If a sentinel event is reported, the organization has 45 business days from the event (or from becoming aware of it) to complete a thorough analysis and submit a corrective action plan. If the Joint Commission finds the response inadequate, the organization gets an additional 15 business days to revise and resubmit. Failure to submit within an additional 45 days beyond the original deadline can affect the organization’s accreditation status.

RCA2: Closing the Action Gap

Traditional RCA has faced valid criticism for producing detailed analyses that sit in binders and never translate into real change. In response, the National Patient Safety Foundation introduced a framework called RCA² (root cause analysis and action) in 2015. The added emphasis on “action” is the point. RCA² provides strategies for conducting more efficient investigations and, more importantly, tools for evaluating whether the corrective actions that come out of those investigations are actually implemented and sustained. The renaming was deliberate: an analysis that doesn’t lead to meaningful system change hasn’t fulfilled its purpose.
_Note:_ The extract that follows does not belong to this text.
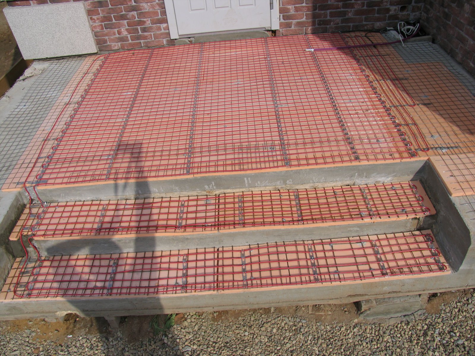 Гибкость этого материала позволяет выполнять монтаж на ступеньках крыльца, но, как и в случае с греющим кабелем не стоит допускать наложения элементов друг на друга.

Legal Protections for RCA Findings

One reason healthcare workers are willing to speak candidly during an RCA is that the findings are generally protected from legal discovery. Under peer review privilege laws, the proceedings, records, and recommendations of a peer review organization are confidential and cannot be obtained through lawsuits. A witness who participates in an RCA can still testify about things they personally know, but they cannot be compelled to reveal what was discussed during the review itself or what opinions they formed as a result. Documents that exist independently (like a patient’s medical record) don’t become protected just because they were presented during an RCA, but the analysis itself, including the team’s conclusions and recommendations, is shielded. These protections vary by state, but the underlying principle is consistent: if people fear legal consequences for honest reporting, they stop reporting, and the system loses its ability to learn from mistakes.